Di atas kertas, Ducati punya potensi untuk menyapu bersih kemenangan sepanjang musim. Bagaimana tidak, secara kuantitas dan kualitas, pabrikan Borgo Panigale unggul dari pabrikan lain. Selain pembalapnya terbanyak, mesin motornya pun paling mumpuni.

Namun, bukan MotoGP namanya jika tak ada kejutan. Ducati yang sudah menang 22 kali secara beruntun harus merelakan rekornya terhenti. Punya kans melampaui rekor Honda, kemenangan beruntun Ducati justru terhenti karena Honda.

1. Ducati menang dari seri Spanyol 2024 hingga seri Spanyol 2025

Sejak seri Spanyol 2024 hingga seri akhir musim itu, Ducati selalu merebut kemenangan. Ada 17 trofi kampiun yang diraih 4 pembalap Ducati musim itu. Francesco Bagnaia, Jorge Martin, Enea Bastianini, dan Marc Marquez menang silih berganti.

Kemenangan ini berlanjut di awal musim 2025. Ducati lewat Marc Marquez menang di Thailand dan Argentina. Setelahnya, Bagnaia menang di Amerika. Marquez kembali menang di Qatar. Kemudian giliran Alex Marquez menang di Spanyol. Dengan begitu, Ducati sudah merebut 22 kemenangan beruntun.

2. Johann Zarco di atas Honda memutus rantai kemenangan Ducati

Memasuki seri Prancis, Pembalap Ducati punya kecepatan untuk melibas Sirkuit Le Mans. Marc Marquez, Alex Marquez, dan Fermin Aldeguer start dari barisan depan, hanya Fabio Quartararo dari Yamaha yang ada di depan mereka sebagai polesitter. Kendati begitu, peluang rider Ducati untuk jadi kampiun masih besar.

Namun, kondisi balap yang basah mengubah peta persaingan. Drama terjadi saat start karena banyak pembalap berganti motor. Di tengah kekacauan tersebut, Johann Zarco ternyata mengambil keputusan tepat. Ia menggunakan ban basah sehingga bisa memimpin balapan sejak lap 8. Tak terkejar, pembalap LCR Honda itu menang dengan selisih hampir 20 detik.

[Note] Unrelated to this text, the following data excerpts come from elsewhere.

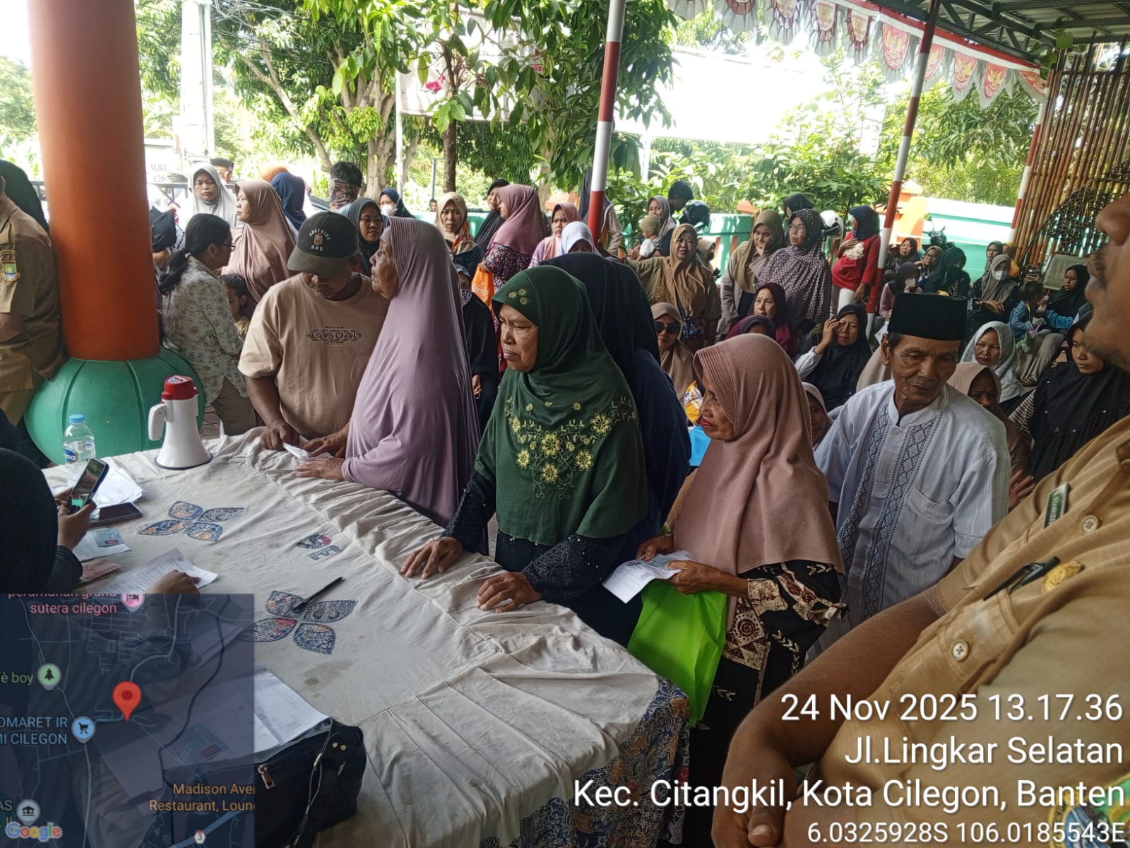 Cilegon - Bhabinkamtibmas Kelurahan Lebak Denok, AIPTU YUDI SETIAWAN, melaksanakan pengamanan dan monitoring bantuan langsung tunai dari Kementerian Sosial RI di Kantor Kelurahan Lebak Denok, Kecamatan Citangkil, Kota Cilegon, Senin (24/11/2025).
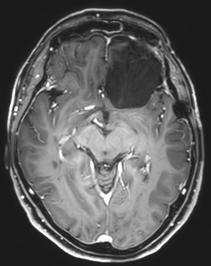 Η μετεγχειρητική μαγνητική τομογραφία εγκεφάλου δείχνει ολική εξαίρεση. Η ιστολογική εξέταση ανέδειξε μηνιγγίωμα (WHO I).
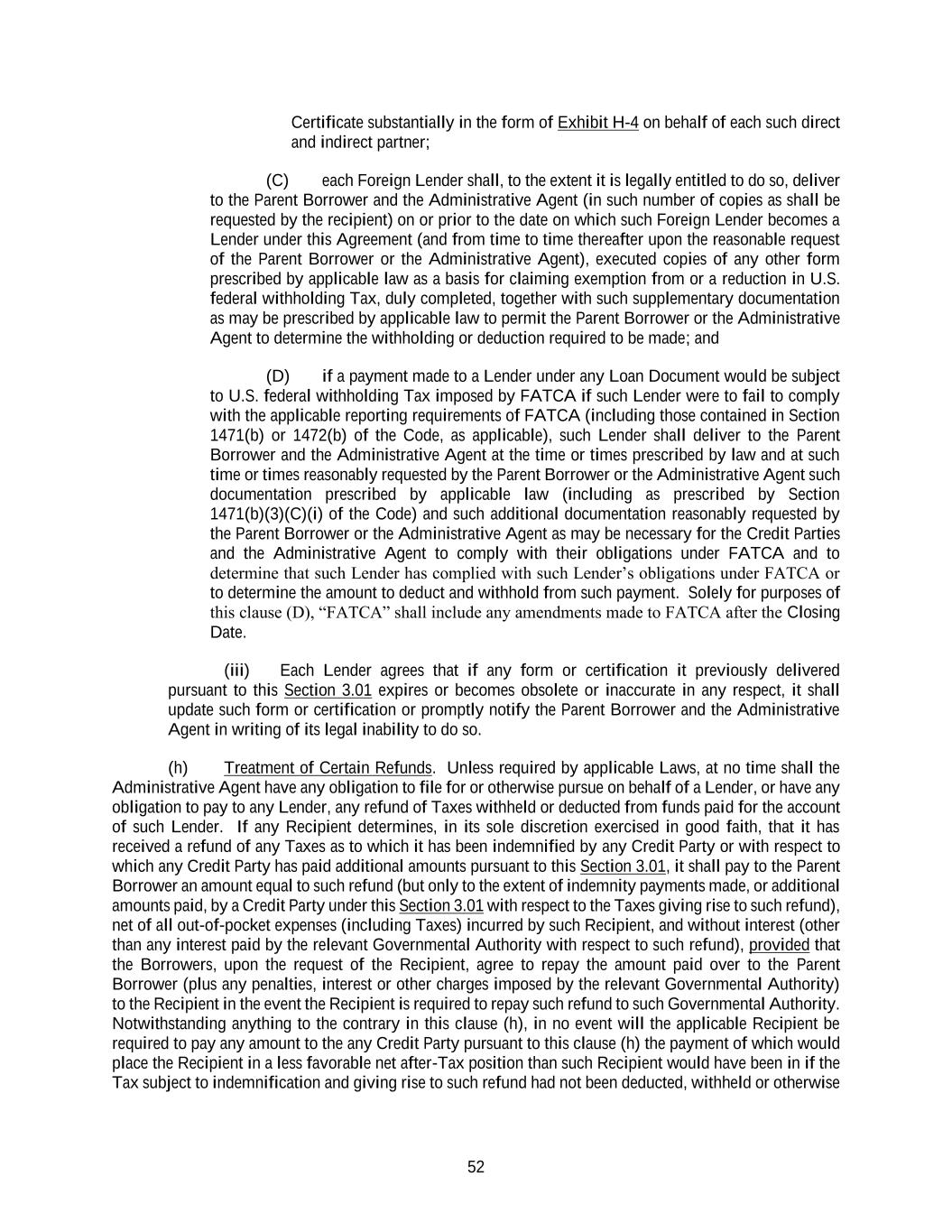 52 Certificate substantially in the form of Exhibit H-4 on behalf of each such direct and indirect partner; (C) each Foreign Lender shall, to the extent it is legally entitled to do so, deliver to the Parent Borrower and the Administrative Agent (in such number of copies as shall be requested by the recipient) on or prior to the date on which such Foreign Lender becomes a Lender under this Agreement (and from time to time thereafter upon the reasonable request of the Parent Borrower or the Administrative Agent), executed copies of any other form prescribed by applicable law as a basis for claiming exemption from or a reduction in U.S. federal withholding Tax, duly completed, together with such supplementary documentation as may be prescribed by applicable law to permit the Parent Borrower or the Administrative Agent to determine the withholding or deduction required to be made; and (D) if a payment made to a Lender under any Loan Document would be subject to U.S. federal withholding Tax imposed by FATCA if such Lender were to fail to comply with the applicable reporting requirements of FATCA (including those contained in Section 1471(b) or 1472(b) of the Code, as applicable), such Lender shall deliver to the Parent Borrower and the Administrative Agent at the time or times prescribed by law and at such time or times reasonably requested by the Parent Borrower or the Administrative Agent such documentation prescribed by applicable law (including as prescribed by Section 1471(b)(3)(C)(i) of the Code) and such additional documentation reasonably requested by the Parent Borrower or the Administrative Agent as may be necessary for the Credit Parties and the Administrative Agent to comply with their obligations under FATCA and to determine that such Lender has complied with such Lender’s obligations under FATCA or to determine the amount to deduct and withhold from such payment. Solely for purposes of this clause (D), “FATCA” shall include any amendments made to FATCA after the Closing Date. (iii) Each Lender agrees that if any form or certification it previously delivered pursuant to this Section 3.01 expires or becomes obsolete or inaccurate in any respect, it shall update such form or certification or promptly notify the Parent Borrower and the Administrative Agent in writing of its legal inability to do so. (h) Treatment of Certain Refunds. Unless required by applicable Laws, at no time shall the Administrative Agent have any obligation to file for or otherwise pursue on behalf of a Lender, or have any obligation to pay to any Lender, any refund of Taxes withheld or deducted from funds paid for the account of such Lender. If any Recipient determines, in its sole discretion exercised in good faith, that it has received a refund of any Taxes as to which it has been indemnified by any Credit Party or with respect to which any Credit Party has paid additional amounts pursuant to this Section 3.01, it shall pay to the Parent Borrower an amount equal to such refund (but only to the extent of indemnity payments made, or additional amounts paid, by a Credit Party under this Section 3.01 with respect to the Taxes giving rise to such refund), net of all out-of-pocket expenses (including Taxes) incurred by such Recipient, and without interest (other than any interest paid by the relevant Governmental Authority with respect to such refund), provided that the Borrowers, upon the request of the Recipient, agree to repay the amount paid over to the Parent Borrower (plus any penalties, interest or other charges imposed by the relevant Governmental Authority) to the Recipient in the event the Recipient is required to repay such refund to such Governmental Authority. Notwithstanding anything to the contrary in this clause (h), in no event will the applicable Recipient be required to pay any amount to the any Credit Party pursuant to this clause (h) the payment of which would place the Recipient in a less favorable net after-Tax position than such Recipient would have been in if the Tax subject to indemnification and giving rise to such refund had not been deducted, withheld or otherwise
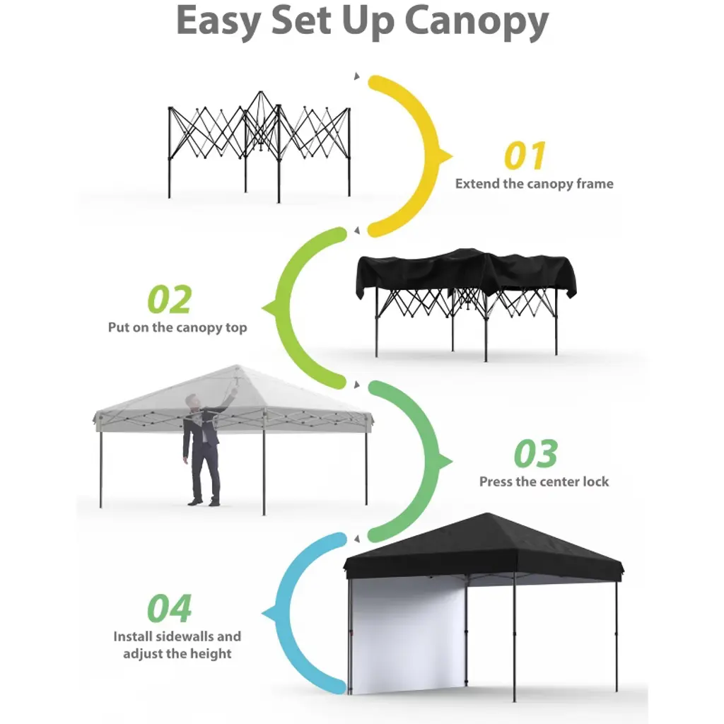 10x10 Ft Heavy Duty Pop Up Canopy Tent With 1 Removable Mesh Sidewalls, One Person Setup Commercial Shelter For Events, Parties, Camping, Black
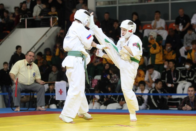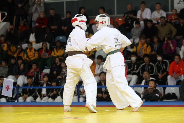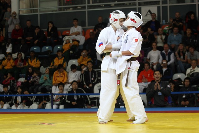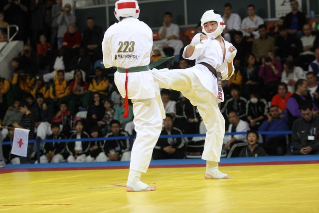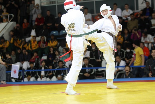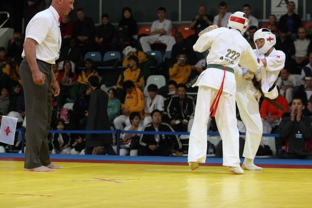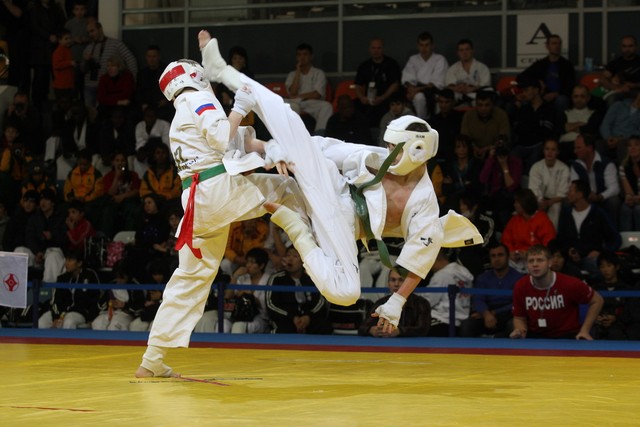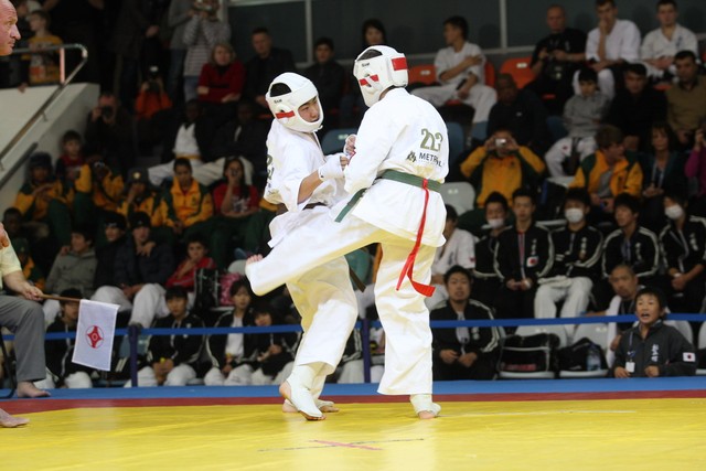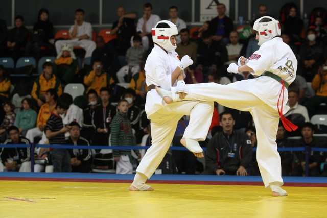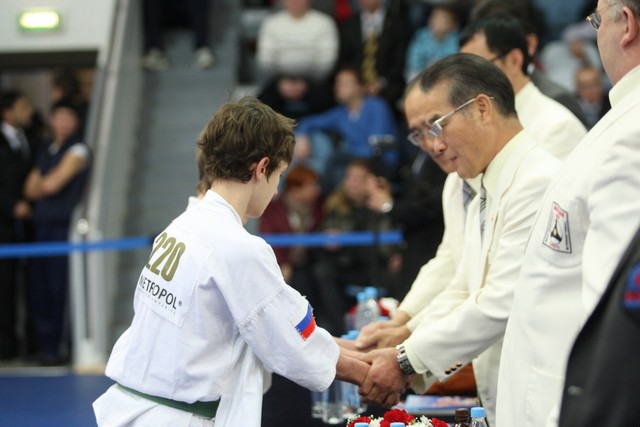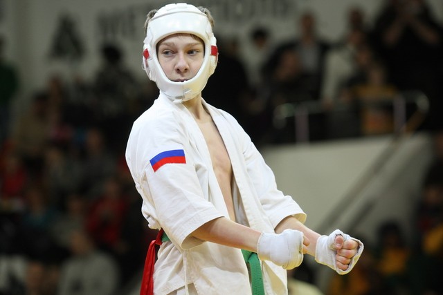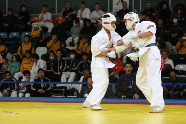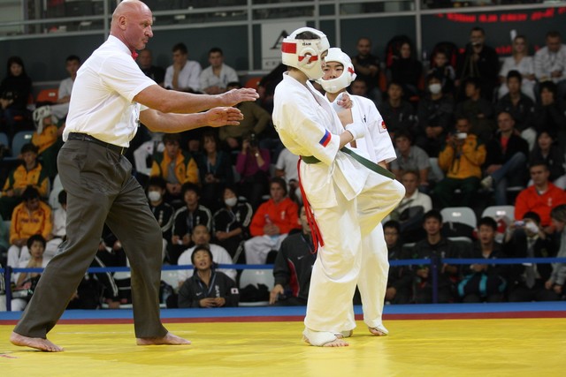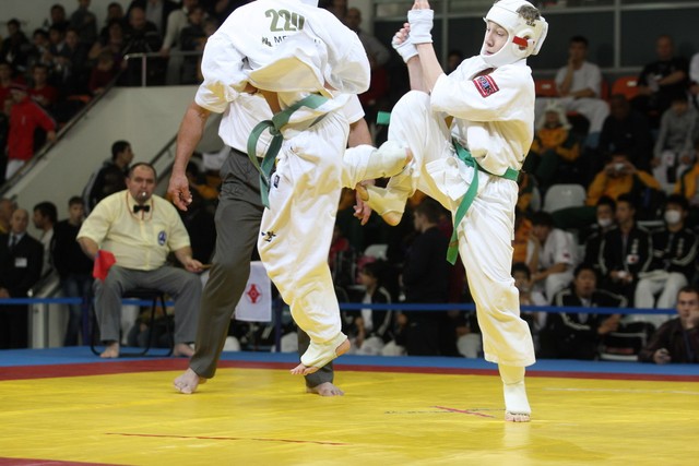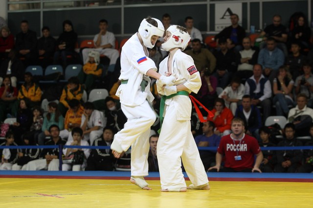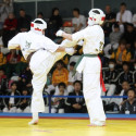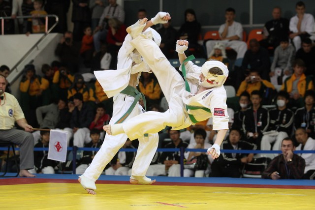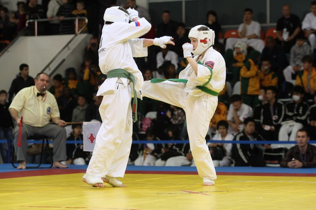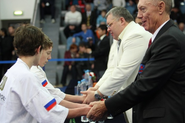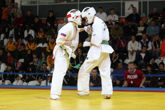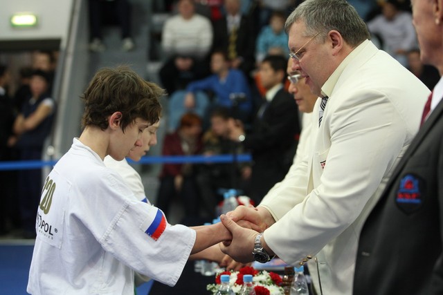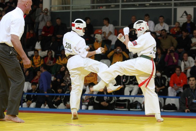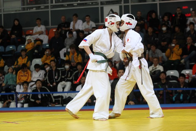 I Открытое первенство мира по Кёкусин-кан. Финальные поединки в категориях «Юноши 14-15 лет, до 45 кг» (Волынко Константин, Россия, Кёкусин-кан, Краснодарский край – Колесников Владислав, Россия, Кёкусин-кан, Московская область) и «Юноши 14-15 лет, до 50 кг» (Нешхлебов Ярослав, Россия, Кёкусин-кан, Краснодарский край – Такидзава Ю, Япония). Фото О. Бессуднова
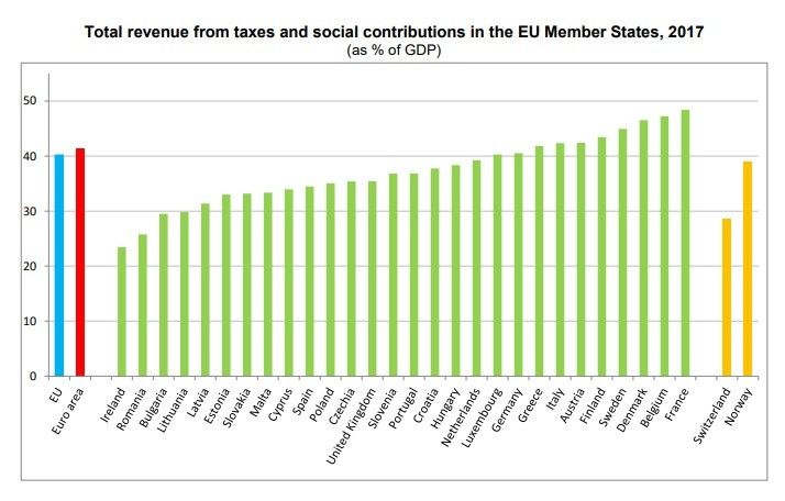 Dintre statele membre ale Uniunii Europene, România are a doua cea mai mică pondere a taxelor în Produsul Intern Brut (PIB), după Irlanda.Aceasta, în condițiile în care PIB-ul nostru este de circa 200 miliarde de euro la o populație de 20 milioane de locuitori, iar Irlanda are un PIB de 300 miliarde de euro la 5 milioane de locuitori.Ponderea totală a impozitelor în PIB a fost anul trecut în Uniunea Europeană de 40,2%, în creștere de la 39,9% în 2016, conform datelor Eurostat.Indicatorii fiscali sunt compilați într-un cadru armonizat bazat pe Sistemul european de conturi (ESA 2010), care permite o comparație exactă, între statele membre, a sistemelor fiscale și a politicilor fiscale.
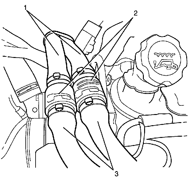 3. Using J 38185 compress the heater hose retaining clamps (1) and slide 50 mm (2 in) along the heater hose (3).
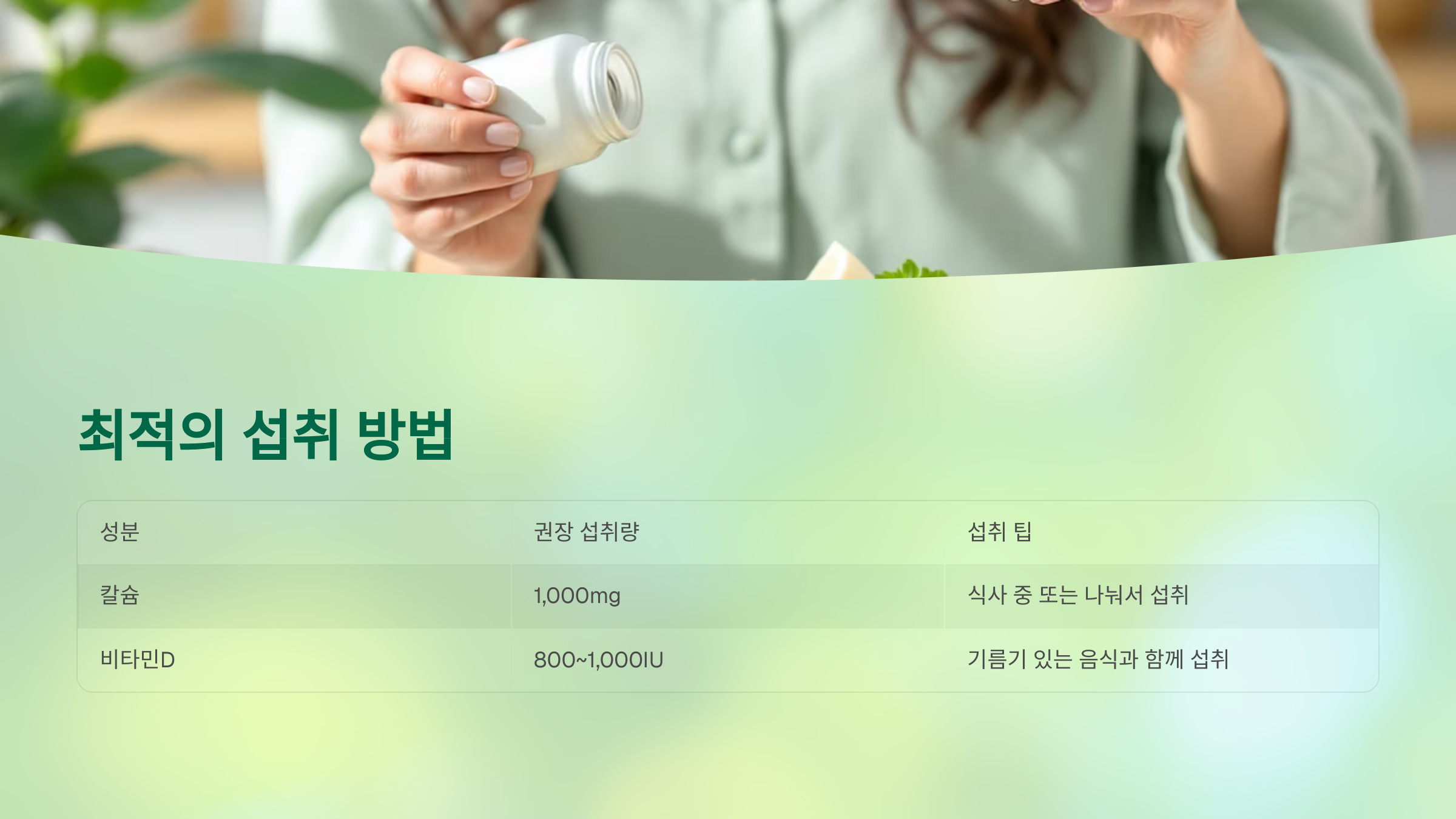 | 칼슘 | 1,000mg | 식사 중 또는 나눠서 섭취 |
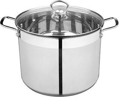 Кастрюля CULINARIA, объем 12,9 л, из нерж стали с крышкой из жаропрочного стекла Материал: нерж сталь, алюминий, железо, жаропрочное стекло. Объем: 12,9 л. Размер: 28*21 см. Толщина стенок: 0,5 мм. Дно 5-слойное капсулированное 3,5мм (0,5 мм алюминий + 1,5 мм железо +0,5 мм алюминий + сталь, база). Подходит для всех типов плит. Снаружи: смешанная (80% - матовая, 20% - зеркальная (верхняя часть)), внутри зеркальная полировка. Отметки литража. Крышка G-типа из жаропрочного стекла с отверстием для выпуска пара. Стальные витые ручки . Упаковка: термоусадка, цветной круглый вкладыш.
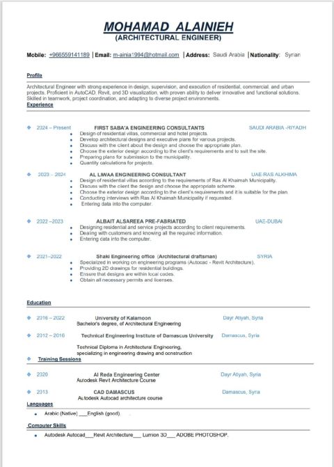 مهندس معماري حاصل على بكالوريوس هندسة معمارية، خبرة أكثر من 3 سنوات في العمل داخل مكاتب استشارية هندسية. متمكن من اعداد المخططات المعمارية، التنسيق مع التخصصات، والالتزام بكوذات البناء والمعايير المعتمدة. شاركت في مشاريع سكنية وتجارية من مرحلة التصميم حتى المخططات التنفيذية. البرامج Revit - AutoCAD. ابحث عن فرصة عمل داخل مكتب استشاري هندسي

3. Ducati gagal melampaui rekor 22 kemenangan Honda

Dengan menang di homerace, Johann Zarco memutus rantai kemenangan Ducati. Marc Marquez hanya finis runner-up. Ia disusul Fermin Aldeguer yang finis podium terakhir.

Sejatinya Ducati butuh kemenangan di Prancis untuk melampaui rekor Honda. Pada 1997 hingga 1998, Honda menang 22 kali berturut-turut. Karena gagal menang di Prancis, Ducati hanya bisa menyamai rekor 22 kemenangan milik Honda tersebut.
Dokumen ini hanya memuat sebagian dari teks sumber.